WHAT CAN PARENTS DO TO HELP
It may sound like a cliché, but the best thing a parent can do is support your child. In swimming, what can be supported is their commitment to practice, to competition and most important, to their own personal goals.
Support their efforts. Your child will work hard, but will often meet with setbacks. It is important that they remember that work always pays off. Often times, in the middle of a season, a swimmer will have a great swim and people will say, “Where did that come from?” It came from persevering through the last season’s setbacks.
WHAT IS EXPECTED OF THE PARENTS
- Support your child and the program with a positive attitude.
- Help your child honor his or her practice and competition commitment.
- Service hours can be accomplished by: working at swim meets, timing, meet hospitality, Booster Club, help with parties, fundraising etc.
- Help your child establish and honor priorities. (school & swimming)
- Keep informed of our team activities.
- Make sure you regularly check the team's website or bulletin boards at the pool.
- Talk to your child' coach when you have questions anout the program or your child's progress.
PARENTS ROLE IN COMPETITIVE SWIM
Swimming is a sport that requires tremendous parental support. As your swimmer grows and develops, he or she will spend from one to six hours a day at the pool.
Often the role of the coach is exaggerated. Parents must remember that they are the most important influence in their children’s lives. Since this parenting role is so important, its influence on swimming is most important.
The role of the parent must be a support role -- not only in the tremendous logistical support that is necessary (feeding, transporting, supplying, affording, etc.) but the psychological and spiritual support of acceptance.
Very often young swimmers make a critical mistake. They equate (usually subconsciously) their self-worth as human beings with their competitive success. When that attitude is present in their parents, it is easily be transferred to the swimmer and harm the child’s competitive success.
Obviously, this is a very unhealthy situation, and ironically, the parents who are the most interested in their children’s swimming success are the most vulnerable to fall victim to this. The challenge is to channel your parenting energies in the proper direction.
Most people find it quite easy to deal with success. That is something everyone enjoys. The problem comes when that success is not enjoyed. When a person’s best effort is treated as, “That is what we expected” or “OK, you improved five seconds, now improve more” there is nothing there for the child to enjoy. Success must be enjoyable and it must be enjoyable to parents and swimmers alike. Leave the goal setting to the swimmers and coaches.
Many difficulties arise in dealing with failures. First, failures must be put in perspective. An age group swimmer may swim five events per day. If a major league baseball player gets a hit, any hit, two out of five times at bat he will win the league batting championship with a .400 average! If a professional quarterback connects on fifty percent of his passes, he will be offered a multi-million dollar contract. Setting standards for a young age group swimming higher than a professional athlete is unreasonable.
Punishing a temporary setback does other harm as well. It puts tremendous pressure on a child, and this only increases anxiety and the frequency of sub-standard performances. People perform better when relaxed and not under any external pressure.
The toughest job a parent has, then, is to relieve pressure on their child, not to increase it. This is where parental acceptance is so important. After a child turns in what he or she view as a substandard performance, there is no need to remind him or her of it. The swimmer already knows it. Swimmers tend to punish themselves for it and their own self-worth often deteriorates badly. It is at this time that the parent must have something affirming to say.
There has to be something good in a race: a start, a turn, pacing, and stroke improvements. Even in the worst race, merely persevering through an obviously substandard performance is worth praising.
It is this type of parental acceptance and nurturing that builds a “tough” swimmer. To race well, the swimmer must be willing to take risks. To set a world record, win an Olympic medal, or simply achieve a personal best time, the swimmer must take risks. He or she must risk new, sometimes-unfamiliar stroke patterns or breathing sequences. If the price of failure outweighs the enjoyment of success, there is little chance the child will be willing to take the risks necessary to become successful.

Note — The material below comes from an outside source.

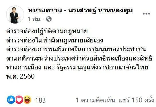 ทนายเตือน! ตำรวจมีหน้าที่อำนวยความสะดวกแก่การชุมนุม อย่าทำผิดกฎหมาย #ม็อบ14พฤศจิกา

How can the parent, already involved with a child’s sport, best channel his or her energies? It has already been stated that it is the coach’s job to coach and correct, while it is the parent’s role to support and accept, but the parents need some constructive role. The support role is suggested and recommended.
Guy D. Barnicoat of Mission Viejo, California, was the National Age-Group Swimming Chairman. He is father to two nationally ranked swimmers and his advice to parents at a national A.A.U. Convention was, “Get involved behind the scenes. Get involved in any of the support roles in swimming.”
This was some of the soundest advice offered, channel that energy into officiating, working the entry table or Booster Club representation.
Let the coaches coach
Let your swimmers swim
Enjoy their athletic career and help out behind the scenes!